Jespersen, trying to suppress an excitement that was growing within him, said ‘Can I do it now?’

‘What, you really want to do this?’

‘Yes. In the interests of science, I feel I have to.’

Barker looked at him strangely. He didn’t seem to trust Jespersen’s motives. Then he sighed and said ‘What the hell. It’s your life. No skin off my nose. Get inside. But I warn you; it has a return mechanism. If it stays in another time more than a week, it comes back automatically to the present time.’

Jespersen clambered into the machine, avoiding the drooping wires that blocked his way, and sat on the hard plastic seat. He gulped, but he couldn’t back out now; Barker would think he was a coward. The older man reached in and typed on the keyboard. Jespersen could see the date – three years in the past. The timer was set and Barker stepped back.

Jespersen found himself sitting in the machine, in a darkened building that obviously hadn’t been used for some time. The clock on the wall was stopped. And there next to it was a calendar. It was dated four years before the year he’d just been in. Was it true? Was he really in the past? He got up and went to the door. It was locked, but he just had to undo the latch and turn the handle, and he was outside!

A man walked past holding a newspaper. ‘Excuse me sir,’ he said. ‘Could I look at your paper for just a moment? I want to check something. I’ll give it straight back to you.’ The man looked at him as if he was crazy, but then decided he looked harmless enough, and handed the paper over. Jespersen looked at the date. Yes! Three years! He’d really travelled back in time!

THE MIDDLE

Jespersen presented himself at the job interview. He was in his best suit. The interviewing panel was just as he remembered it; the President, the Professor, the Dean. These were the men who were to examine him for his fitness to serve with this august body. The interview went well. They were impressed with his qualifications and his record of achievement. The Professor and the Dean had read his doctoral thesis and seemed excited to have someone of his ability join the research team. And despite temptation, he resisted the urge to make the lame joke that had destroyed his career. After a suitable time to discuss the best prospect for the position, they invited him back into the room.

‘Congratulations, Doctor Jespersen,’ beamed the President. I am very happy to announce that we have accepted you for the position. We look forward to many productive and fruitful years of working with you.’ He extended his hand and Jespersen took it. Then the Professor and the Dean. He walked out, glowing with achievement and joy.

THE BEGINNING

‘So, what is Time, anyway?’ asked Michael Foster. Not that he cared. He was a psychologist, interested in the wild vagaries of human nature. That was why he had taken this job as so-called science writer for a lower end sensationalist newspaper, the man who was given the cranks and the weirdos to interview for a column called Strange Science, because it exposed him to the most bizarre collection of people he’d ever had the fortune to meet. He loved his job.
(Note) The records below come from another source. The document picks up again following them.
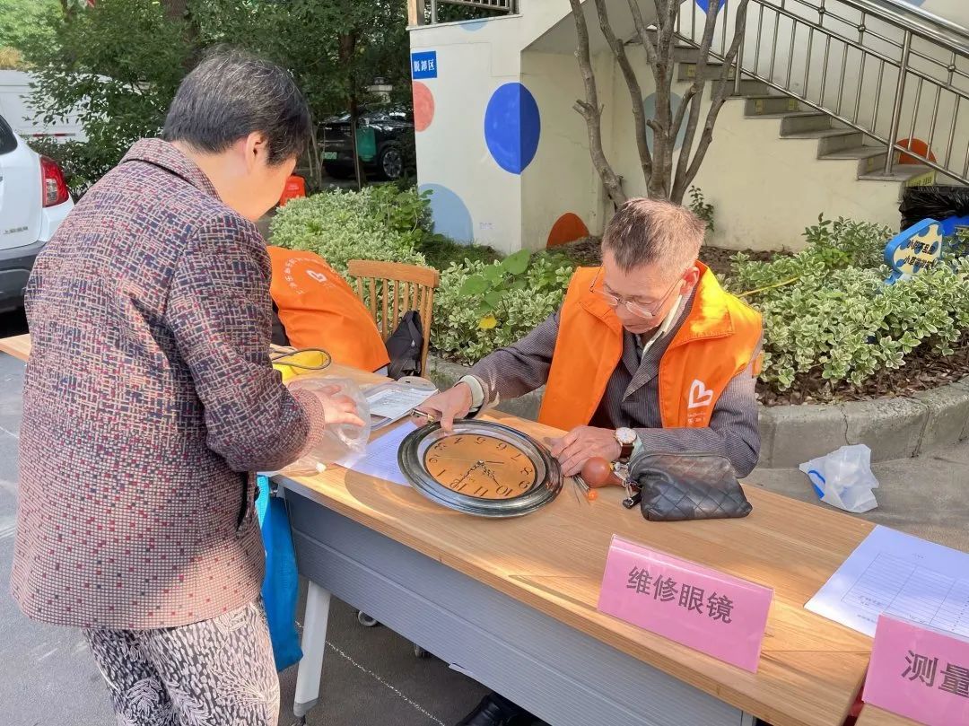一大早,户外广场就聚集了许多前来参加活动的社区老人,凯旋片区为大家带来的便民服务活动受到了大家的热烈欢迎。本次便民活动邀请志愿者为大家提供修表、修眼镜、修理家电、缝补、磨刀等日常服务,也有免费测血压、血糖等健康检查服务,还邀请了专业医生为大家开展健康咨询,现场的每一个点位前都十分热闹,大家有秩序的排队等候服务。
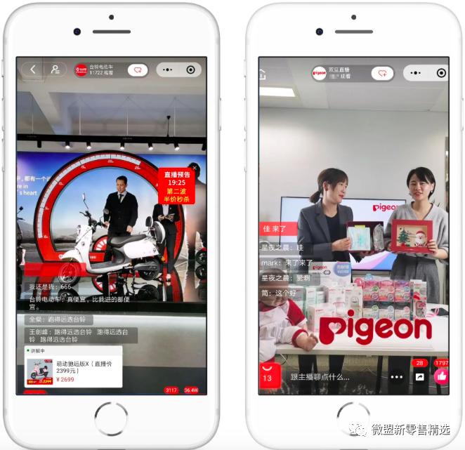 商户可以使用微盟直播小程序创建直播间实现直达购买,并结合微盟提供的丰富营销玩法快速拉新获客,梦洁家纺、珀莱雅、台铃电动车等便是借助微盟直播小程序快速提升销量。
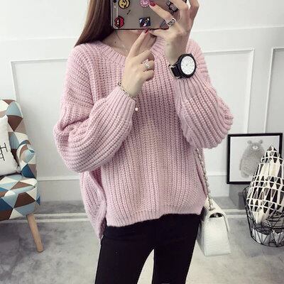 人気なリブニット ベーシックニット 冬 セーター 韓国ファッション ゆったりショート ニットトップス 百掛け ニット レディース 通勤カジュアル 無地 セーターカシミヤタッチ
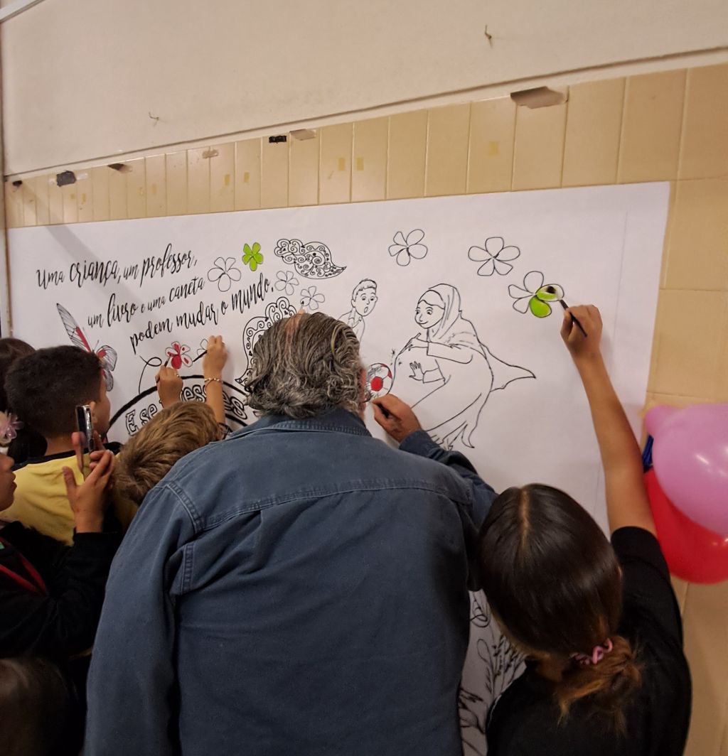 No final do concerto inaugurámos o mural coletivo da escola, alusivo aos direitos da criança, proposto pelo Gabinete de Apoio ao Aluno, baseado no livro: “Malala e o Lápis Mágico”. Malala Yousafzai foi a pessoa mais nova a receber o prémio nobel da Paz, aos 17 anos, pela sua defesa pelos direitos das meninas e mulheres a terem acesso à educação. Toda a comunidade educativa deu o seu contributo colorindo o mural.

‘Good morning Professor Barker,’ he said. He was sure the man didn’t rate the title, but it was good to get off to a good start. ‘Is it true you’ve invented a time machine?’

The man rolled his eyes. ‘Such a science-fiction name. So sensationalist. But I suppose it’s as near to the truth as your esteemed readers are ever likely to understand. But somehow I’m getting the strangest sense of déjà vu meeting you. The situation is familiar, but you’re not. Somehow I was expecting somebody different.’